You do mean of course out side of the UK, Ireland, France and Italy, dont you, nice one Italy. :Grin:

----------


## edao

It used to be the case that Italy were only really in the competition to give Scotland someone to beat, that didn't last very long. :Grin: 

Scotland is probably the wost sporting nation in Europe. :Football:

----------


## Maciamo

I don't think it's "terrible", but like most other sports I just don't care. I don't understand why people waste time watching sport when they could be _doing_ sport or learning stuff or having fun in a more obvious way than by watching people running after a ball.

----------


## edao

I don't mind teams sports with a level of variation in the game. 

I'm probably the only person in the world who thinks the olympics is a big waste of time. Celebrating people because they ran faster in a straight line than that guy or because they swam faster than anyone else in the world. 

I hate to say it but who cares :Bored: ? More like borelympics.

----------


## Starship

And who has the best chemist :Confused:

----------


## Mycernius

All I can say is bad refereering  :Crying: 

I have read that Georgia are trying to join and make it a 7 nations championship. I know Romania have always had a fairly good team.
As a game it is overshadowed by the poison that is football  :Vomitting: , but I think it promotes better behaviour amoung its fans and players. The players are no overpaid prima donnas who cry if they twist their little finger and have to take four weeks off (poor things) and when was the last time you heard of rugby hooligans?

----------


## Starship

"Rugby is a good occasion for keeping thirty bullies far from the center of the city." - Oscar Wilde 

Soccer is a gentleman's game played by thugs, Rugby is a thugs game played by gentlemen.
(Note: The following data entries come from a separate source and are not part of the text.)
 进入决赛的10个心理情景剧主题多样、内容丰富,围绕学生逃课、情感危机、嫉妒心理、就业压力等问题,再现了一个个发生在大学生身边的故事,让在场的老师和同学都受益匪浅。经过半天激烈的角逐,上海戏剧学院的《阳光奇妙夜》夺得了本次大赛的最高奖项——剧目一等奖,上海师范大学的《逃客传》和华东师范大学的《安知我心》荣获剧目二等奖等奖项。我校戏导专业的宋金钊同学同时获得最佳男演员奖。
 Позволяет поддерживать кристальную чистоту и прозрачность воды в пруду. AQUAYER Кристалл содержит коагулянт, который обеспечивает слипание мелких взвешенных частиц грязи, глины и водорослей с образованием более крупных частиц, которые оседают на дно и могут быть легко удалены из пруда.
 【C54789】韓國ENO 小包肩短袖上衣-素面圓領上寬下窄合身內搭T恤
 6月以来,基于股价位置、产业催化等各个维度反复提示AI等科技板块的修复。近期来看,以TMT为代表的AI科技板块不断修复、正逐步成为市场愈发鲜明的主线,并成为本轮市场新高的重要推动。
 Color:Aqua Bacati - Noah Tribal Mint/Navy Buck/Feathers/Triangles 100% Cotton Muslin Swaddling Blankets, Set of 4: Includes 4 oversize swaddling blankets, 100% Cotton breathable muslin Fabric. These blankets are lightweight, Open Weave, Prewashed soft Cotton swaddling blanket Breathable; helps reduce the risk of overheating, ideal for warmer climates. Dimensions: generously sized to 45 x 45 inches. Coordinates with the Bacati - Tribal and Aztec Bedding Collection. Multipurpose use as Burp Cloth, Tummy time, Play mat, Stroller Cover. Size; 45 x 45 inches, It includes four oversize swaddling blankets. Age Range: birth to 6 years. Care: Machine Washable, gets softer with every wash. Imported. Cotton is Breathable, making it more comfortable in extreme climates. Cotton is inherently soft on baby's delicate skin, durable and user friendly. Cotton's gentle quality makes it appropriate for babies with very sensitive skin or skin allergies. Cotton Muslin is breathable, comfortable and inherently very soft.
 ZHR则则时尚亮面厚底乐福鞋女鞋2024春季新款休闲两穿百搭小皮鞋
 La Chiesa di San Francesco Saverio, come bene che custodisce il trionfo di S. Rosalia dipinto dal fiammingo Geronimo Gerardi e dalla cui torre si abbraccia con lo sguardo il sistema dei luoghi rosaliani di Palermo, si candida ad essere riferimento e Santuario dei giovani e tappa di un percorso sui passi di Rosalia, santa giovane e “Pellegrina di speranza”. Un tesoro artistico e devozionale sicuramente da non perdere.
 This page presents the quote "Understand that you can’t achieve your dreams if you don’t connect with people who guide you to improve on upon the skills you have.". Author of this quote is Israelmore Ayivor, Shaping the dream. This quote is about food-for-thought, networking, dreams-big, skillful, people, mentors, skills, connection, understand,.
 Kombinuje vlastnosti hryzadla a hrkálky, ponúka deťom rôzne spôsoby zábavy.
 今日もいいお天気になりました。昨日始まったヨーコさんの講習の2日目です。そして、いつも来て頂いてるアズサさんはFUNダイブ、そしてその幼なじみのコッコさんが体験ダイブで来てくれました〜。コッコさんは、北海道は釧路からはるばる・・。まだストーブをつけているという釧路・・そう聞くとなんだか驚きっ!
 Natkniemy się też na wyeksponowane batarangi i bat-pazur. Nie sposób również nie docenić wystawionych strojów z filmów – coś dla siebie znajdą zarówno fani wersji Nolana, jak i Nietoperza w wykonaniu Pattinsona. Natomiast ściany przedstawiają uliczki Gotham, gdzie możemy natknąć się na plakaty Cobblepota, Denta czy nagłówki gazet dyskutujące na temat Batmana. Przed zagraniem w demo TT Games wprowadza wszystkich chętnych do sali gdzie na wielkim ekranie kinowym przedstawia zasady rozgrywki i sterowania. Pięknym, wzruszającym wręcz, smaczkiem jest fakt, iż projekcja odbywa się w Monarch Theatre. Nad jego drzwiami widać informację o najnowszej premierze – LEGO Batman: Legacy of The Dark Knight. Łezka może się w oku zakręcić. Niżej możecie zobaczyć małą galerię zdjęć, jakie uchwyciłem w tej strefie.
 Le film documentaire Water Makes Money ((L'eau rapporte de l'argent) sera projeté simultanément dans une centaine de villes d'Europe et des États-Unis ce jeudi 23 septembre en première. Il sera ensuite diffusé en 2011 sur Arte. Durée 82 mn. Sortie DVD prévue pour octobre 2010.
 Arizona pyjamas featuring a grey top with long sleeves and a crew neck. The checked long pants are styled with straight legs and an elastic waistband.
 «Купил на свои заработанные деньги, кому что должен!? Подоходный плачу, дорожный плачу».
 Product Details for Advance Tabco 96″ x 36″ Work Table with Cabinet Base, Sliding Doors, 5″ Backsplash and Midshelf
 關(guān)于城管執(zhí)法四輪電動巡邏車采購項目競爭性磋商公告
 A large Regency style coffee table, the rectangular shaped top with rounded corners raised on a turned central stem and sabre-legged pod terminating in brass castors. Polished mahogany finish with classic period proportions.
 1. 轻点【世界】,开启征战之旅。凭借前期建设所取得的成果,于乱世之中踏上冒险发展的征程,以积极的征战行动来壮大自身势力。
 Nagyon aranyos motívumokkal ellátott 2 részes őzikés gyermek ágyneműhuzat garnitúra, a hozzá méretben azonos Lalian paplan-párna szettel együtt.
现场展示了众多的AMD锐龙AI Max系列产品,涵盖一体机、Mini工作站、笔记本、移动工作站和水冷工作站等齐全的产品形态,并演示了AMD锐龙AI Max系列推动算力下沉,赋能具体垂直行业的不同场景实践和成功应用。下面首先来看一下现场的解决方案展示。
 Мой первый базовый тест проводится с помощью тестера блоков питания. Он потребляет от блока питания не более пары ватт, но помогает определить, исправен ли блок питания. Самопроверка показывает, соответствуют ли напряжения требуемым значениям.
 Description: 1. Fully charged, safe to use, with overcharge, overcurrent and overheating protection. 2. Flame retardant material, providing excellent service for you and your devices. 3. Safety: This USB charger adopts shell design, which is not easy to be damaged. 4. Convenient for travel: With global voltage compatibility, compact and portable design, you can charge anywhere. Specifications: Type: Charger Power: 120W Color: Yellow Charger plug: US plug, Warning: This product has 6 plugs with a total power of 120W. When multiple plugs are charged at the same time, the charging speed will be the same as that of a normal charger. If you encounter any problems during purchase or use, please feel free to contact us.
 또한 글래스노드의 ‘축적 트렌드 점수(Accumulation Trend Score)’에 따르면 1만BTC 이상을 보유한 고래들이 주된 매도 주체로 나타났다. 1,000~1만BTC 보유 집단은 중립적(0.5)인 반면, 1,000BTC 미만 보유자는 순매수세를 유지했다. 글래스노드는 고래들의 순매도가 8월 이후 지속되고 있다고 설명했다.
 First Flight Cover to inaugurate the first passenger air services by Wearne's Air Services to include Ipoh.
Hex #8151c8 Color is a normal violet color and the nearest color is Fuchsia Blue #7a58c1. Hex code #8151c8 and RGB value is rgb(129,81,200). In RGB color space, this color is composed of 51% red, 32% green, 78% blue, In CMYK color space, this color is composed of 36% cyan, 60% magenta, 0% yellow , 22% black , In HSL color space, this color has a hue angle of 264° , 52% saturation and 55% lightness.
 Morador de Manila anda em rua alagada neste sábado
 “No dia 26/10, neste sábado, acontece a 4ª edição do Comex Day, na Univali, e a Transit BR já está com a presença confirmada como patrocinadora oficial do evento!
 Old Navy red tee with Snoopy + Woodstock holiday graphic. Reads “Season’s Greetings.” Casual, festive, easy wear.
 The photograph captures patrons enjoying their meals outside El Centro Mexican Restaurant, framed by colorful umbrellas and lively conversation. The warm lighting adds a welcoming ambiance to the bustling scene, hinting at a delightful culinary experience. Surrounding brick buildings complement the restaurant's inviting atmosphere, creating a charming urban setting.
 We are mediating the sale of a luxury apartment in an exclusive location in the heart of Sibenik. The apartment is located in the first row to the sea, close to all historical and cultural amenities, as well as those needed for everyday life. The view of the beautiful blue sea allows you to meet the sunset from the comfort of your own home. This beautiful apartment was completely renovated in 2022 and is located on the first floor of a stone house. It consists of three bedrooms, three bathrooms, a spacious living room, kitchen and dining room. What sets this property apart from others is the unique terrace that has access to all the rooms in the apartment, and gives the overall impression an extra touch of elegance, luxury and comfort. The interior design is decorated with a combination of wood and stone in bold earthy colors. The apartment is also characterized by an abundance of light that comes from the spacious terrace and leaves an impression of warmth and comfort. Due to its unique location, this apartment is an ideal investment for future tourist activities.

And In Ireland Gaelic football is a thugs game played by thugs! :Grin:

----------


## Cambrius (The Red)

Rugby is pretty cool. Easy to understand and fast paced.

----------


## Starship

Up against the Scots today, fingers crossed, triple crown here we go  :Smiling:

----------


## Mycernius

> Up against the Scots today, fingers crossed, triple crown here we go


You lost! Against Scotland! Sheesh.

----------


## edao

> Up against the Scots today, fingers crossed, triple crown here we go


Unlucky  :Grin: , well played France.

----------


## Starship

The words "Bugger that" spring to mind but Congrats Scotland, there's always next year :Good Job:

----------


## Smertrius

Yes, I like rugby! 
I like it as much as I don't care about football, but i'm not a huge fan either.

----------


## Shasta

My brother-in-law played rugby in college. I would attend games with my sister, and from that came to enjoy the sport. I don't follow Rugby today though.

----------


## Marianne

I'm always scared that the athletes will hurt themselves when I see them play rugby :P

I don't think it is terrible but I also don't go crazy about it. I do sports but less cruel  :Laughing:

----------


## Cambrius (The Red)

The Australian "combination form" of rugby (called Australian football), given what I have seen, produces the most rule breakage and fights.

----------


## Gwyllgi

I'm Welsh. Says it all.

----------


## ^ lynx ^

I find rugby extremely boring.

----------


## Nordsee

Absolutly not interested in. It's not a big thing in Germany and I don't even know if we have a national rugby team.

Football reigns the world, specially Europe.

----------


## joeyc

One of the best sports in Europe. Italy is part of the Six Nations.

----------


## hope

That`s an old picture at top joeyc.....O`Driscoll should be carrying the cup.... :Innocent:

----------